Antibiotics treatment for paucibacillary leprosy has very slight or no lingering effects on the individual. Multibacillary leprosy can usually be kept from progressing, and living M. leprae can be basically eradicated from the individual by antibiotics, but normally any damage done before treatment being given is not reversible.
Recently, the WHO advocated treatment of individuals with only one (1) lesion with single-dose rifampicin, minocycline or ofloxacin and this has proven affective. Research with other antibiotics is ongoing.
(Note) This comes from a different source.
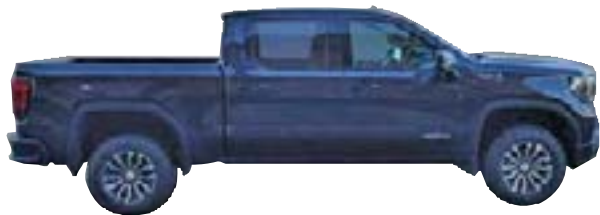
2023 GMC SIERRA 1/2 TON CREW CAB AT4 4X4 DURAMAX DIESEL!

There is an application for surgery in leprosy treatment after medical therapy with antibiotics is completed and skin smears show negative or no active bacilli and then only in advanced cases. Surgery is customized for each individual with a goal to try for cosmetic enhancements and when possible, to reinstate function to the limbs as well as some neural purposes that had been lost to this disease.
The prevention of contact with any droplets from nasal or other sections from individuals with untreated M. leprae infection is currently the best way to avoid this disease. Early treatment of individuals with the current antibiotics will stop them from further spreading the disease.